TASK ITEM =>
For the records below, please print exactly and only the lines from the one with "Данная модель кухни" down to the one with "2. El fracaso", both ends included, omitting the pictures.

RECORDS TO PROCESS =>
....

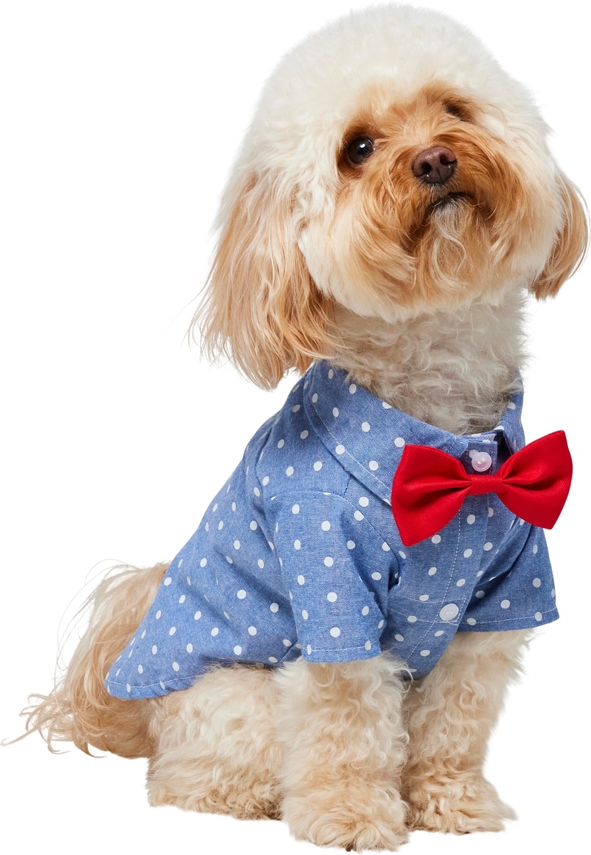 Frisco Polka Dot Chambray Dog & Cat Button Up Shirt, Medium
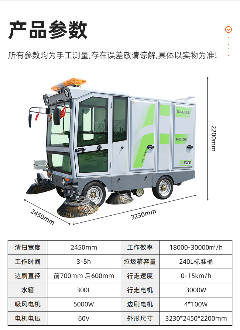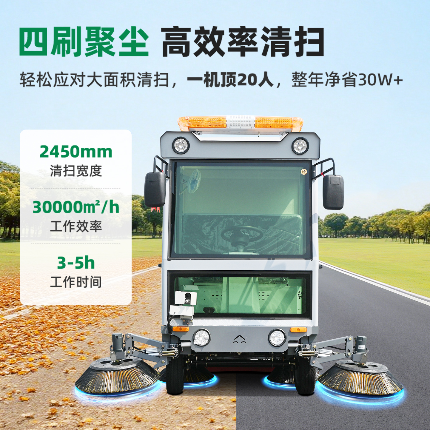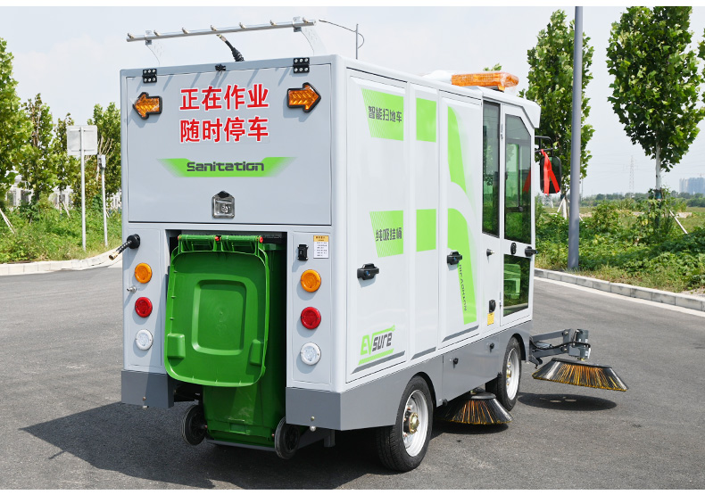 莱特LT-G86型全封闭四轮驾驶式扫地车,此车辆为纯吸款高性能车辆、无滚刷结构,使用效果更稳定。车辆具备智能语音系统,配备高压清洗和高压雾炮功能,清扫宽度2450mm,满电工作时间为3-5小时,工作效率30000㎡/h,采用的是特种车专用磷酸铁锂电池,配置长度4米可拆卸手持吸管,吸净率高,作业速度快。后置240L标准垃圾桶,收集满灰尘垃圾之后,可以直接更换垃圾桶,效率高,无需人工倾倒垃圾。高压雾炮射程可达10米以上,可对作业环境高效的降尘,还可以用于绿植养护和环境消杀。高压水枪可以对地面顽固污渍进行清洁,还可以冲洗路牙石,为绿植浇水,工作之余,还可以用高压水枪清洗车辆。应用场景为:厂区、车间、公园、街道、物业小区、码头、学校、机场等需要大面积清扫的区域区域。
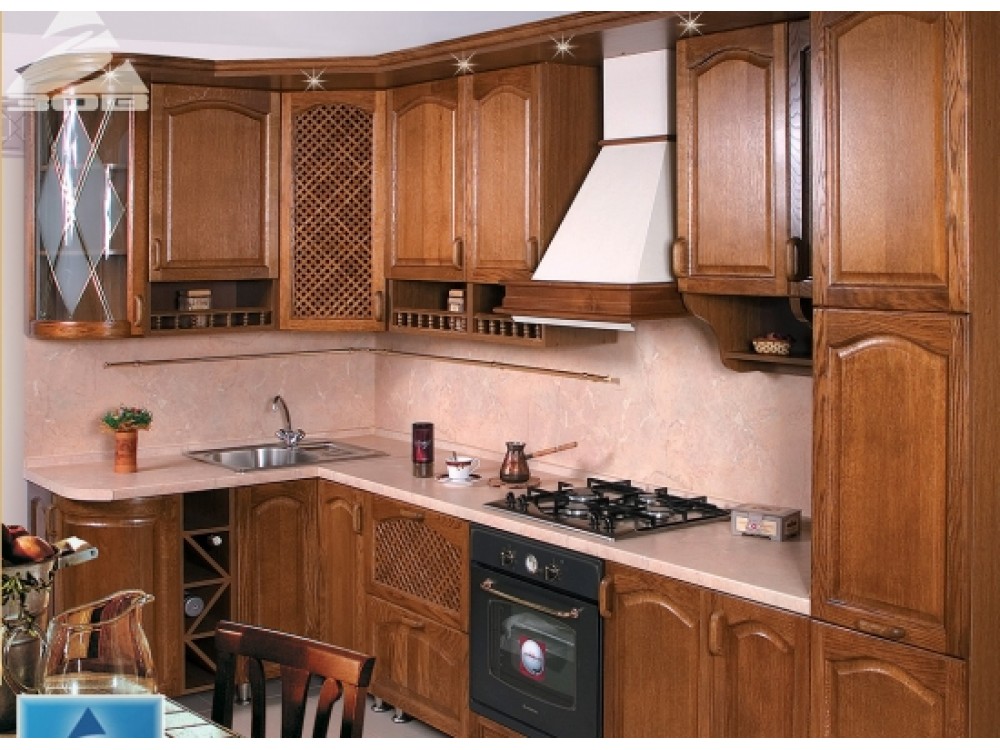Данная модель кухни это прекрасный пример сочетания чарующий старины и современной функциональности. Первое что можно отметить это ее неповторимый дизайн. Широкая и длинная столешница позволит вам с удобством и максимальным комфортом готовить одновременно несколько ваших кулинарных шедевров. Большое количество открытых полок прекрасно подходит для размещения различных кухонных принадлежностей. Так же удачное расположение верхних и нижних шкафчиков позволит вам с большим удобством разместить в них различную посуду. Во все это великолепие органично добавлен шкафчик с витражом. Цвет дуба придает всей кухни вид надежности и прочности. И конечно все это выполнено с традиционно высоким качеством белорусской мебели кухни.
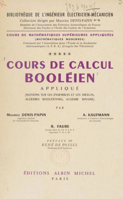 Cours de calcul booléien appliqué : notions sur les ensembles et les treillis, algèbres booléiennes, algèbre binaire : mathématiques modernes
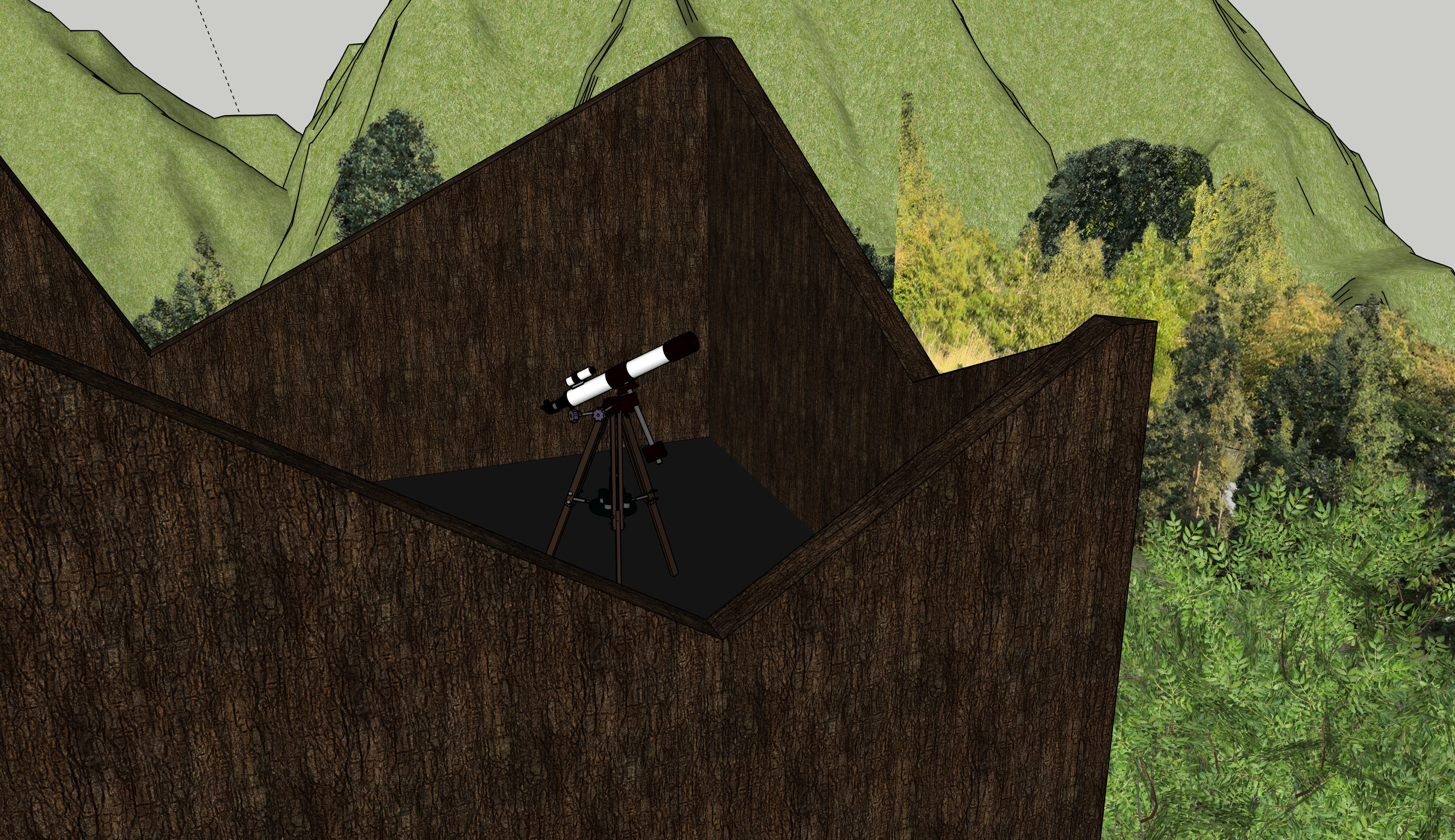 add a person looking out the telescope hills and grass need to look more realistic outside of the building should look like dark bark and the floor should be concrete have a few people looking out at the view too
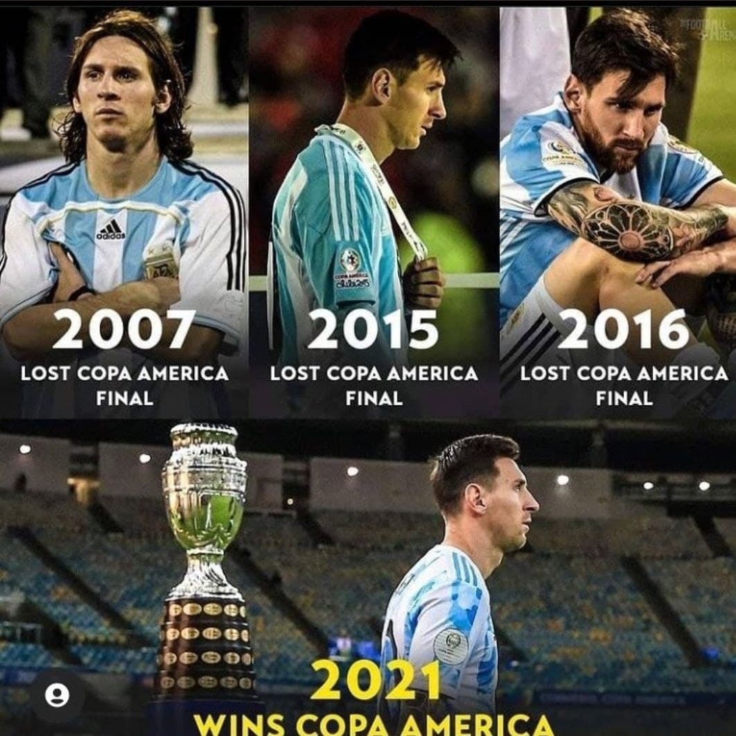 2. El fracaso es la escalera al triunfo. Creo que todos hemos visto sufrir a Messi cada vez que pierde una copa. Es uno de los mejores del mundo, jamás se podrá volver a hablar del fútbol sin hablar de él, pero no había ganado una copa América con su equipo. Fracasar no es perder, fracasar es dejar de intentarlo, eso nos enseña Messi, y es una poderosa lección de vida. La alegría de ganar contrasta con las muchas veces que perdió. Y eso también es una reflexión: no se cuenta las veces que perdiste, siempre contará la que ganaste.
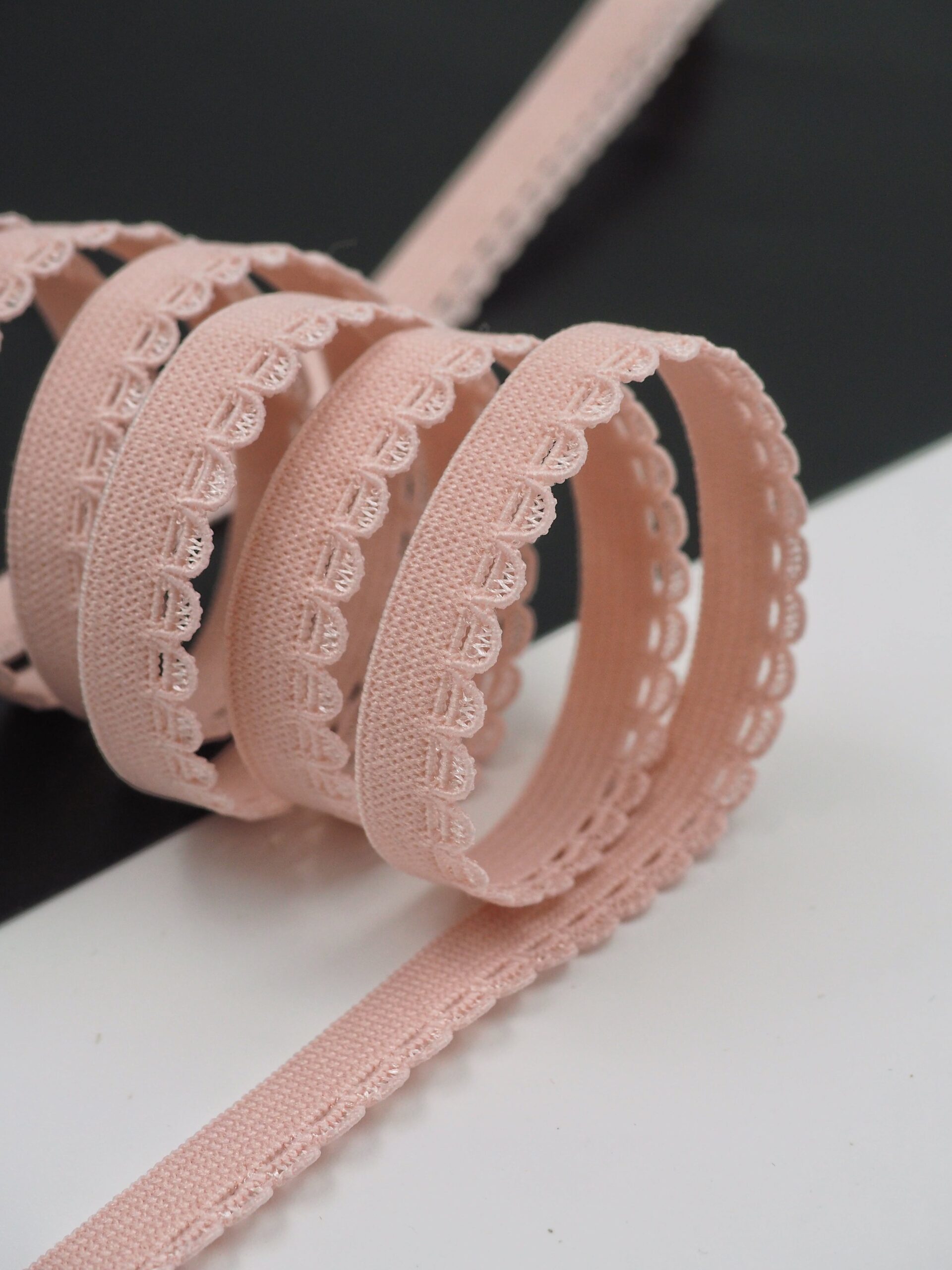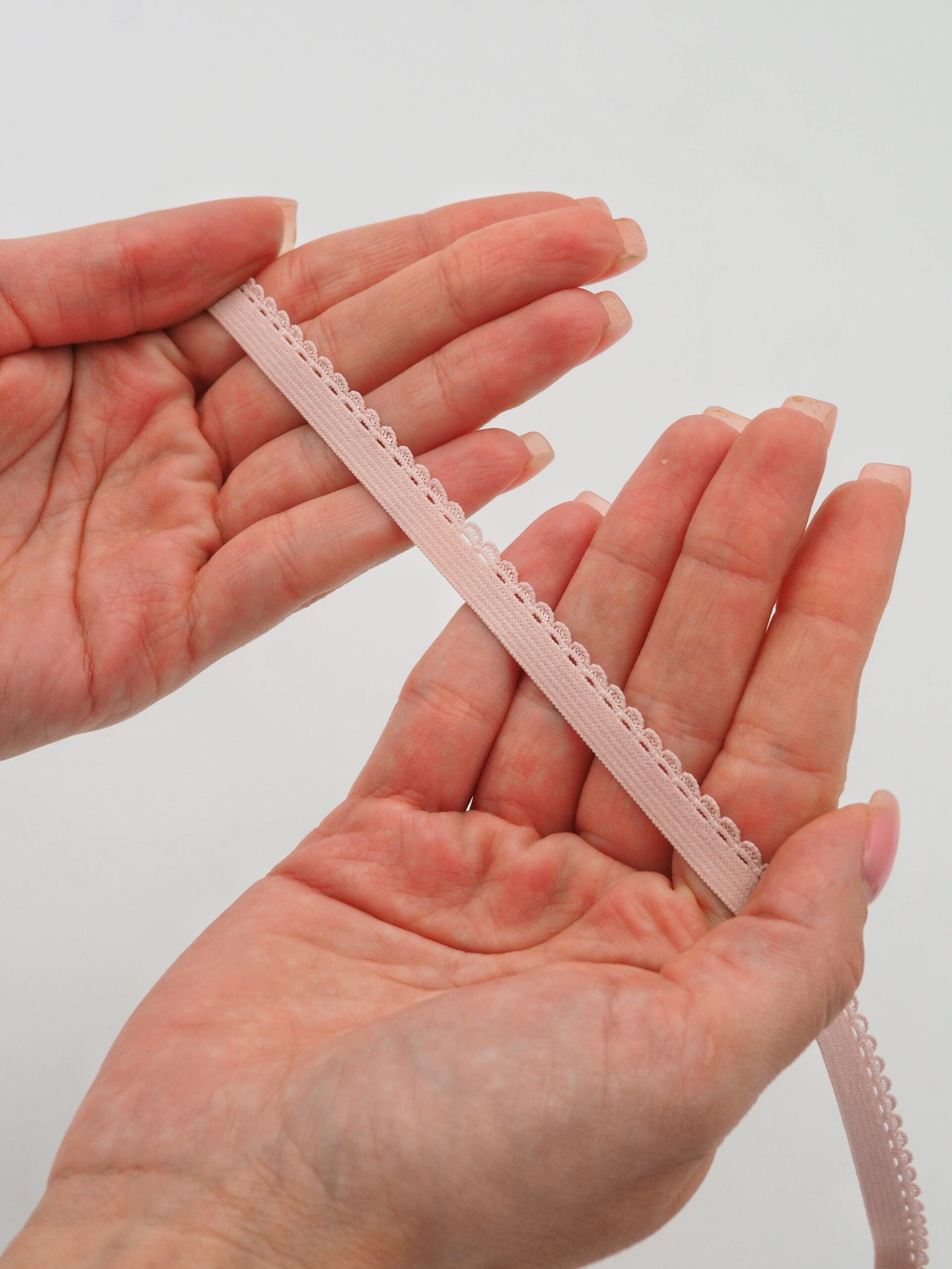 Резинка бельевая отделочная ажурная тонкая пудрового оттенка. Лента эластичная тонкая пудровая.

....

ANSWER FOR THE TASK =>
Данная модель кухни это прекрасный пример сочетания чарующий старины и современной функциональности. Первое что можно отметить это ее неповторимый дизайн. Широкая и длинная столешница позволит вам с удобством и максимальным комфортом готовить одновременно несколько ваших кулинарных шедевров. Большое количество открытых полок прекрасно подходит для размещения различных кухонных принадлежностей. Так же удачное расположение верхних и нижних шкафчиков позволит вам с большим удобством разместить в них различную посуду. Во все это великолепие органично добавлен шкафчик с витражом. Цвет дуба придает всей кухни вид надежности и прочности. И конечно все это выполнено с традиционно высоким качеством белорусской мебели кухни.
 Cours de calcul booléien appliqué : notions sur les ensembles et les treillis, algèbres booléiennes, algèbre binaire : mathématiques modernes
 add a person looking out the telescope hills and grass need to look more realistic outside of the building should look like dark bark and the floor should be concrete have a few people looking out at the view too
 2. El fracaso es la escalera al triunfo. Creo que todos hemos visto sufrir a Messi cada vez que pierde una copa. Es uno de los mejores del mundo, jamás se podrá volver a hablar del fútbol sin hablar de él, pero no había ganado una copa América con su equipo. Fracasar no es perder, fracasar es dejar de intentarlo, eso nos enseña Messi, y es una poderosa lección de vida. La alegría de ganar contrasta con las muchas veces que perdió. Y eso también es una reflexión: no se cuenta las veces que perdiste, siempre contará la que ganaste.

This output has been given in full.